§ **Data to use**

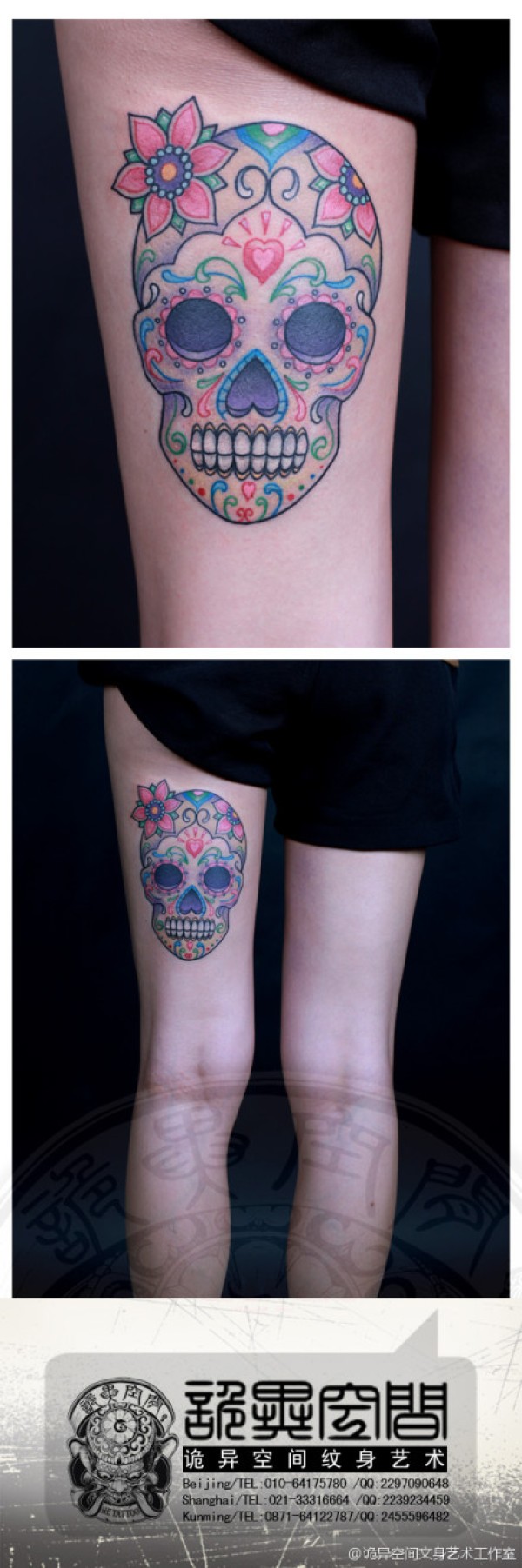 女生腿部潮流精美的欧美花骷髅纹身图案_骷髅纹身图案大全_纹身图吧
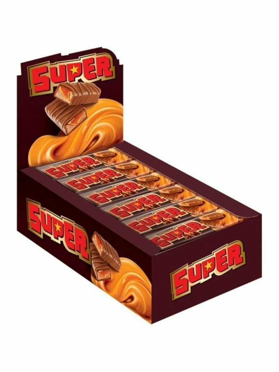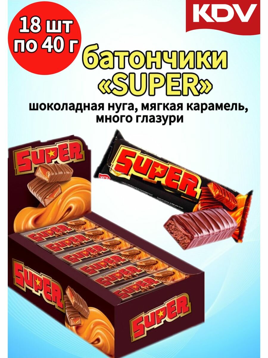 Шоколадный батончик Super с нугой и мягкой карамелью, 40гХ18шт/уп
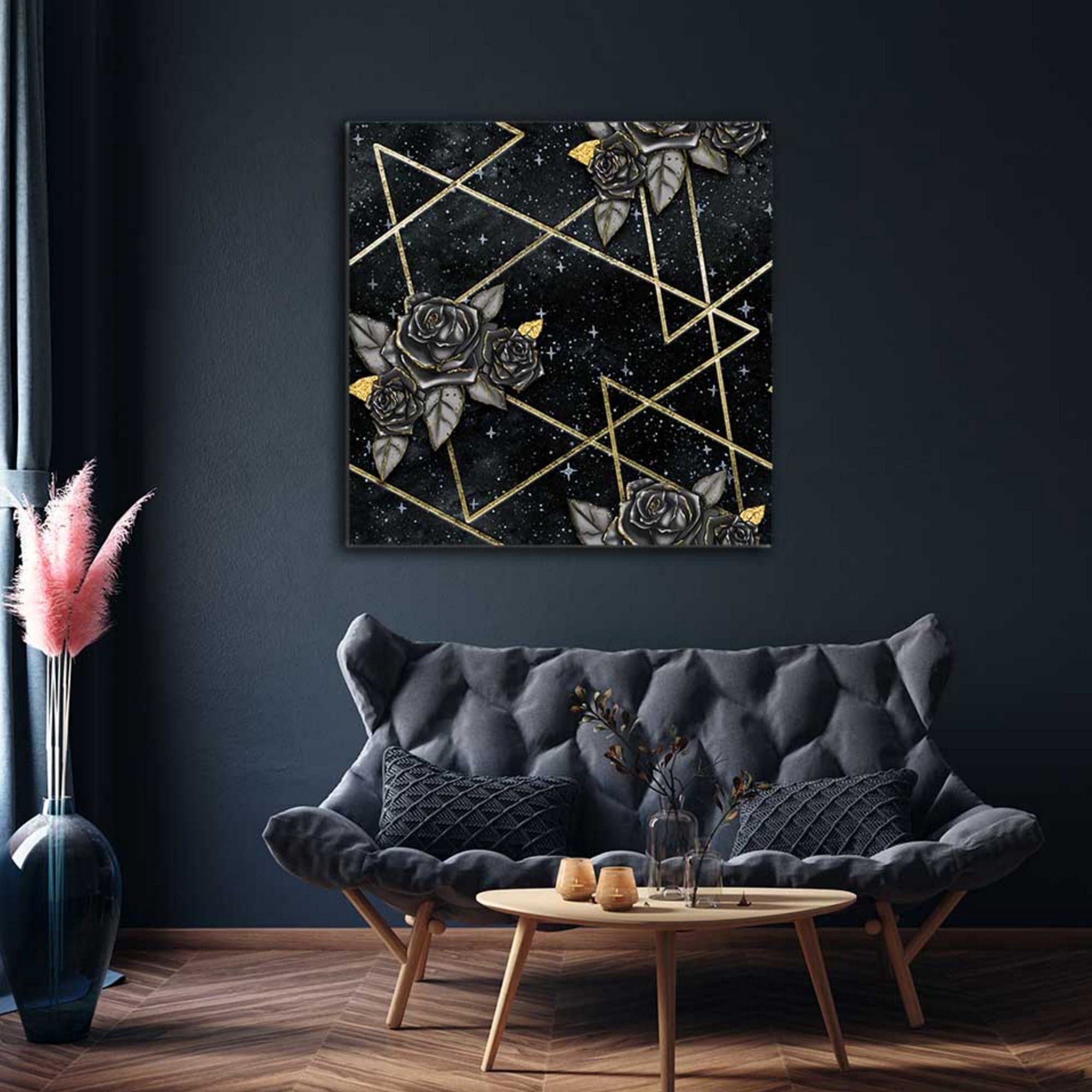 Πίνακας Ζωγραφικής Χρυσά Τρίγωνα και Μαυρά Τριαντάφυλλα - Decotek 220427
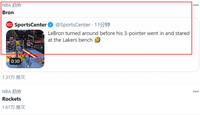 进入第二节,霍顿塔克上演飞天补扣,詹姆斯回到场上后依然不可阻挡,在底角投出三分后,篮球还在空中飞行的过程中,勒布朗就转身面向湖人替补席提前庆祝!众美媒也是纷纷发推转发这一时刻,詹姆斯的名字瞬间冲上了NBA话题下热搜第一的位置!
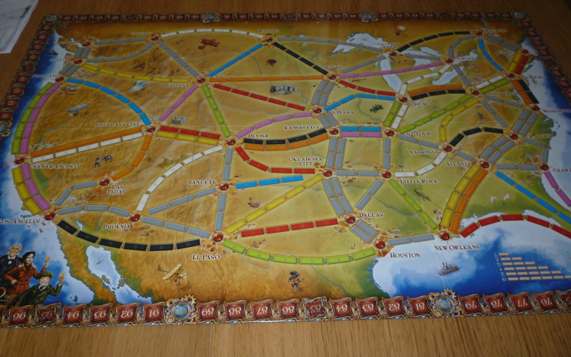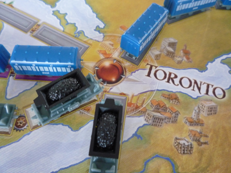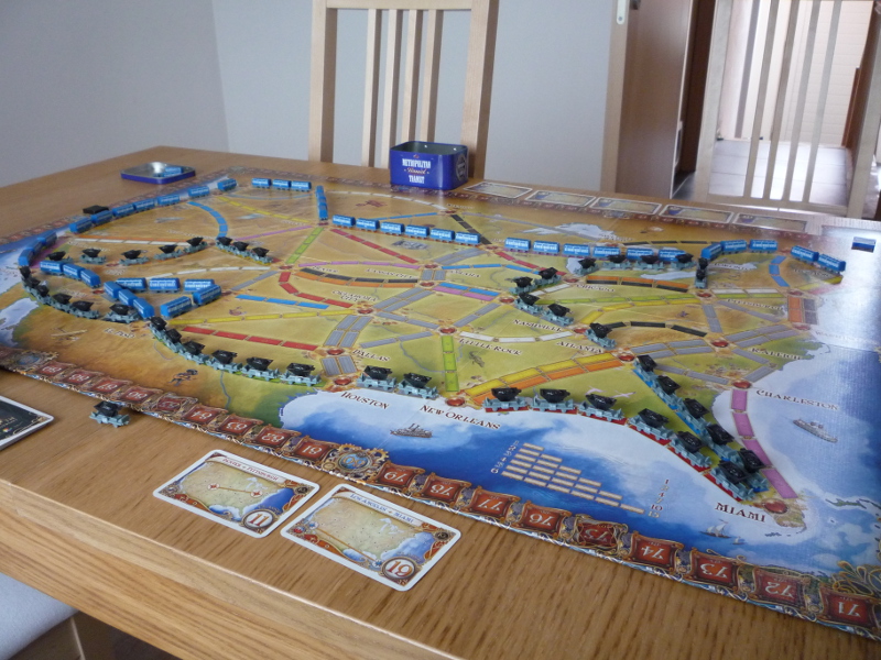 Bon le jeu étant sur-dimensionné, va falloir bouger de votre place pour placer vos wagons, ou avoir de l'aide des autres joueurs. Ça donne un peu l'impression d'une version géante. Maintenant, ça n'apporte pas quelque chose d'essentiel à la partie, c'est juste agréable de manipuler de beaux petits trains ! 🙂

§ **Problem details**
Make a word-for-word copy of the records above, excluding all pictures.

§ **Response area**
 女生腿部潮流精美的欧美花骷髅纹身图案_骷髅纹身图案大全_纹身图吧
 Шоколадный батончик Super с нугой и мягкой карамелью, 40гХ18шт/уп
 Πίνακας Ζωγραφικής Χρυσά Τρίγωνα και Μαυρά Τριαντάφυλλα - Decotek 220427
 进入第二节,霍顿塔克上演飞天补扣,詹姆斯回到场上后依然不可阻挡,在底角投出三分后,篮球还在空中飞行的过程中,勒布朗就转身面向湖人替补席提前庆祝!众美媒也是纷纷发推转发这一时刻,詹姆斯的名字瞬间冲上了NBA话题下热搜第一的位置!
 Bon le jeu étant sur-dimensionné, va falloir bouger de votre place pour placer vos wagons, ou avoir de l'aide des autres joueurs. Ça donne un peu l'impression d'une version géante. Maintenant, ça n'apporte pas quelque chose d'essentiel à la partie, c'est juste agréable de manipuler de beaux petits trains ! 🙂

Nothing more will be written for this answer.